Conversely, if \(f\) if continuous and every partial function \(f_{k,z}\) is complex-differentiable, the function \(f\) itself is complex-differentiable as every partial derivative \(z \in \Omega \mapsto (\partial f/\partial z_k) (z)\) is continuous – not merely as a function of its \(k\)-th variable which is plain, but as a function of all its variables.

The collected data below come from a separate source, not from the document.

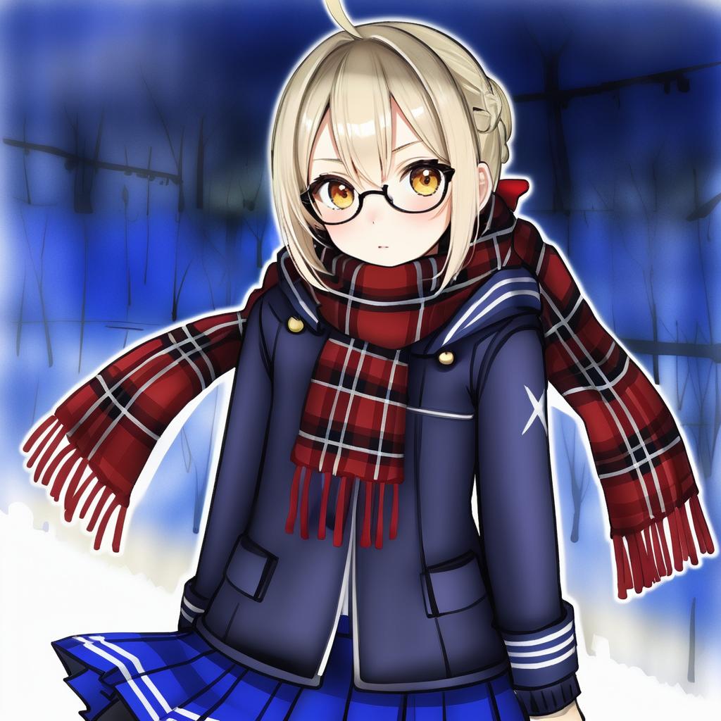 Mysterious heroine x alter (first ascension) (fate), fate (series), 1girl, yellow eyes, hair between eyes, glasses, black-framed eyewear, under-rim eyewear, blonde hair, short hair, ahoge, sidelocks, braid, french braid, serafuku, red scarf, plaid scarf, blue skirt, pleated skirt, black thighhighs, long sleeves, by artist nanashi (nlo), anime
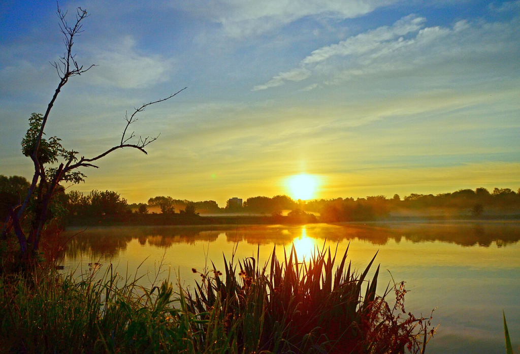 The sun at horizon, reflected in a pond. Wikimedia Commons.
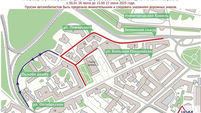 Так, с начала дня 26 июня до 15:00 27 июня будет перекрыт участок улицы Пожарского от главной площади города до дома № 4 по улице Пискунова, а также участок улицы Пискунова от дома № 4 до улицы Большой Покровской и дома № 1 на Театральной площади.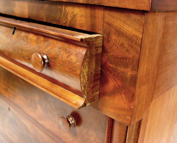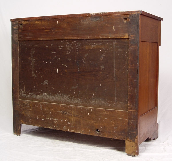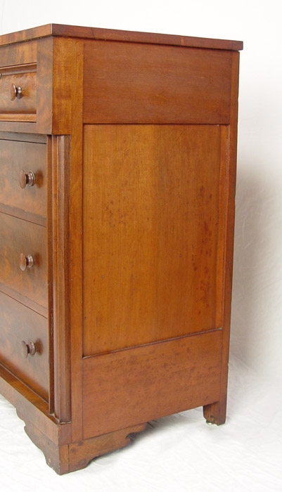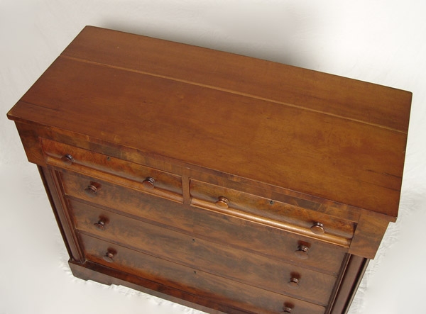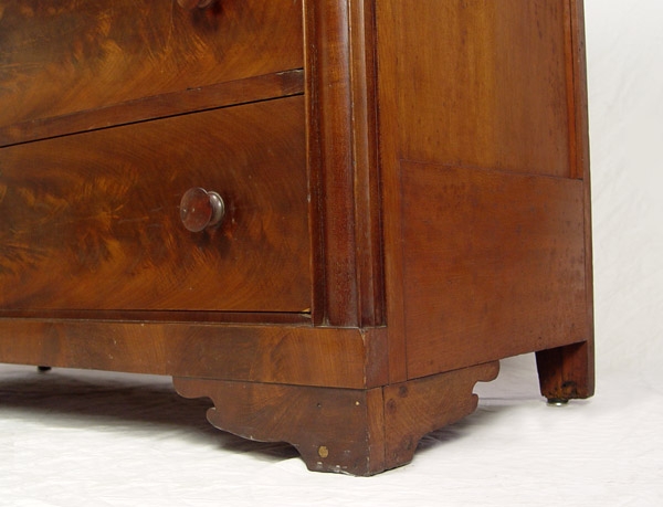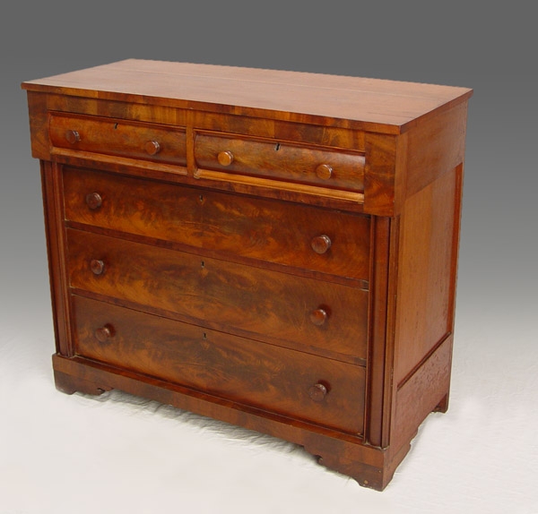EMPIRE MAHOGANY VENEER 2 OVER 3 DRAWER CHEST: Flame mahogany matched veneer drawer fronts, wood pulls and curved half column front corners, simple cut bracket base, 39''h. x 45 1/2'' x 20''.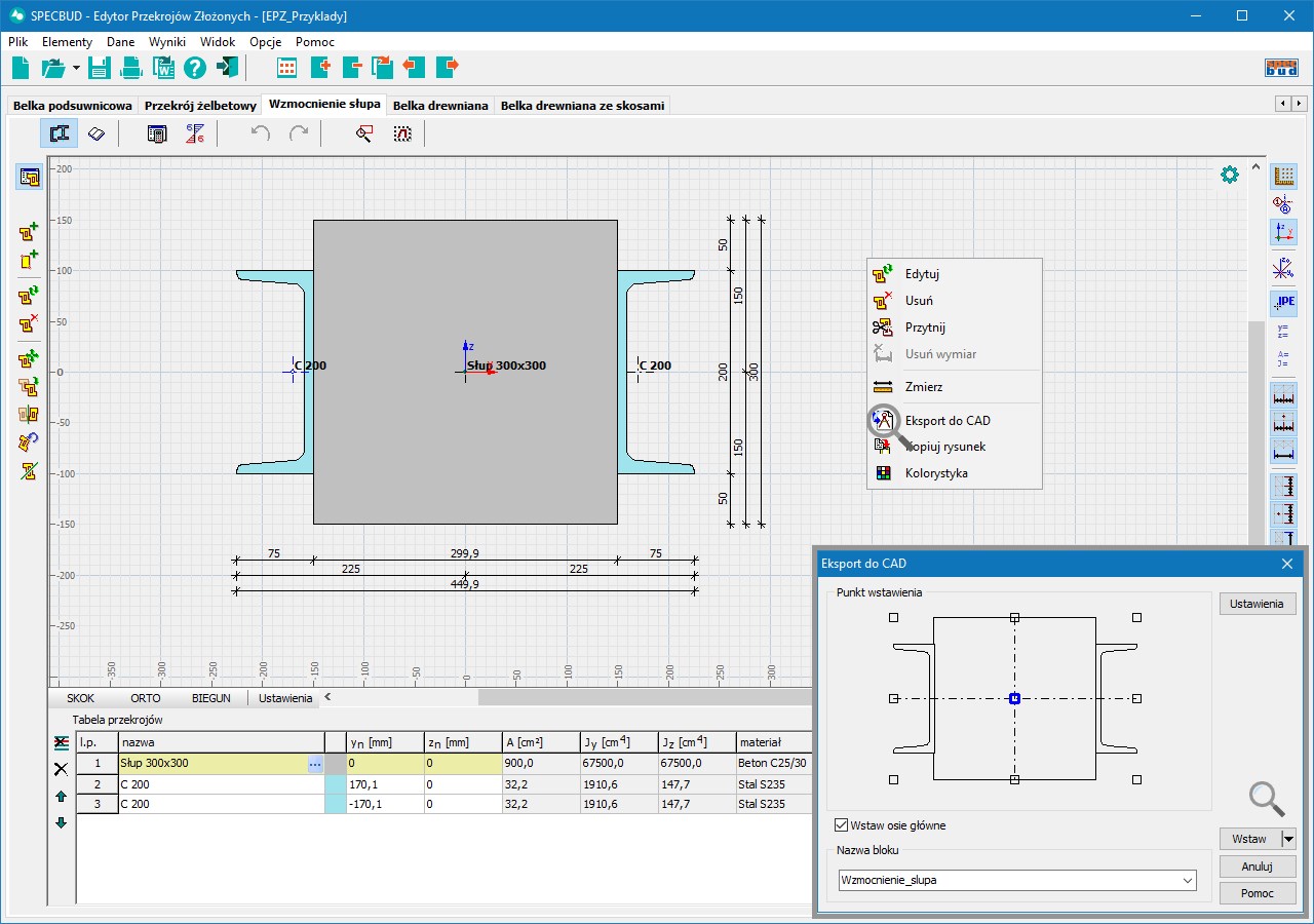 - экспорт текущей спецификации в файл DXF или вставка непосредственно в CAD программу.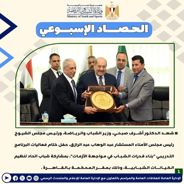 بيان صادر عن وزارة الشباب والرياضة: أصدرت وزارة الشباب والرياضة تقريرها الأسبوعي بالانفوجراف والذي يتضمن أهم اجتماعات وزيارات الأستاذ الدكتور أشرف صبحي وزير الشباب والرياضة ونستعرض أهمها في التقرير التالي: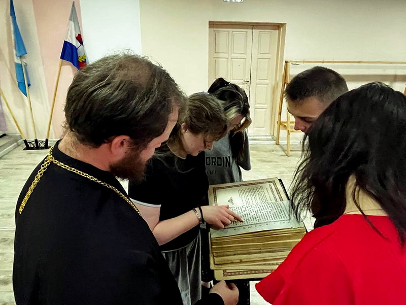 Вечером 12 марта иерей Владимир Чичков провёл беседу о православных книгах со студентами Нижнеудинского техникума железнодорожного транспорта. Священник также представил молодым людям богослужебные книги и обратил особое внимание на святое Евангелия, отметив, что эта книга является святой независимо от того, имеет издание богослужебный характер или нет. Она является свидетельством Боговоплощения, пришествия в мир Сына Божия, и содержит спасительные глаголы жизни.

Let \(z=(z_1,\dots, z_n) \in \Omega\), let \(c \in \mathbb{C}\) and \(r>0\) such that \[ \forall \, w \in \mathbb{C}, \; |w - c| \leq r \; \to \; (z_1,\dots,z_{k-1},w,z_k,\dots, z_n) \in \Omega. \] Cauchy’s formula, applied to the partial function \(f_{k,z}\) for the path \(\gamma =c + r[\circlearrowleft]\), provides \[ f(z_1,\dots, z_n) = \frac{1}{i2\pi} \int_{\gamma} \frac{f(z_1, \dots, z_{k-1}, w, z_{k+1}, \dots, z_n)}{w-z_k} dw \] The integrand is continuous with respect to the pair \((z_1,w_1)\) and complex-differentiable with respect to \(z_1\), thus we may compute the partial derivative of \(f\) with respect to \(z_k\) satisfies by differentiation under the integral sign: \[ \frac{\partial f}{\partial z_k} (z_1,\dots, z_n) = \frac{1}{i2\pi} \int_{\gamma} \frac{f(z_1, \dots, z_{k-1}, w, z_{k+1}, \dots, z_n)}{(w-z_k)^2} dw. \] As the function \(f\) is continuous, the partial derivative is also continous.